Mendelian randomisation is nature's way of demonstrating differences in outcome due to a putative risk factor. For example, subjects with familial hypercholestrolaemia, the commonest autosomal dominant condition in the population, have a higher risk of heart disease and stroke than those without the condition, due to the fact that they have high LDL cholesterol. So far, no such signals have emerged in COVID.

However, differences could be acquired.
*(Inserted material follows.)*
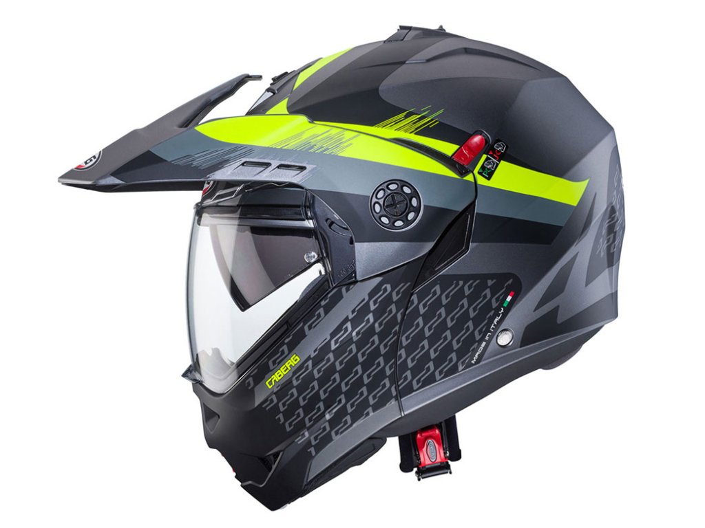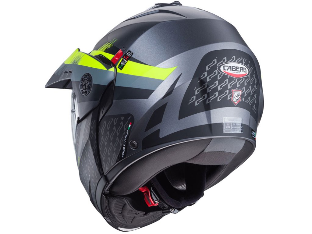 Caberg TOURMAX X je prvá vyklápacia adventure prilba na trhu, navrhnutá špeciálne pre jazdcov motocyklov Enduro a Maxi Enduro. Spája komfort, funkčnosť a bezpečnosť v modernom prevedení s najnovšou homologáciou ECE 22.06.

Black subjects have a higher prevalence of hypertension and obesity than other races. Both of these have emerged as significant risk factors for COVID related mortality.

While the above is undoubtedly true, I believe (I haven't seen this in the medical press yet) that there is another factor- how hypertension is managed in Black subjects. For unknown reasons, Black people with hypertension respond poorly to a class of drugs called ACE inhibitors (yes, it's the same ACE you read about in the context of COVID receptors). In fact, there is evidence to suggest that Black subjects have a higher risk of death from MI (heart attack), stroke and heart failure when treated with ACE inhibitors than when not.

https://www.thecardiologyadvisor.com/home/topics/hypertension/ace-inhibitors-may-not-be-as-effective-in-black-patients/

As a result, ACE inhibitors are used far less often to treat hypertension in Blacks than in other races, and herein, I believe, lies the rub. I have cautioned here in the past against discontinuing ACE inhibitors in hypertensive subjects during the pandemic, as this is likely to lead to harm, an inference that was later confirmed by NEJM.

https://www.nejm.org/doi/full/10.1056/NEJMsr2005760 (free to access)

This is a case of unintended iatrogenic (physician induced) randomisation. If you are obese, and hypertensive, you are more likely to die from COVID 19. However, if you are obese, hypertensive and not taking ACE inhibitors, as in the majority of Black subjects, that risk is far higher.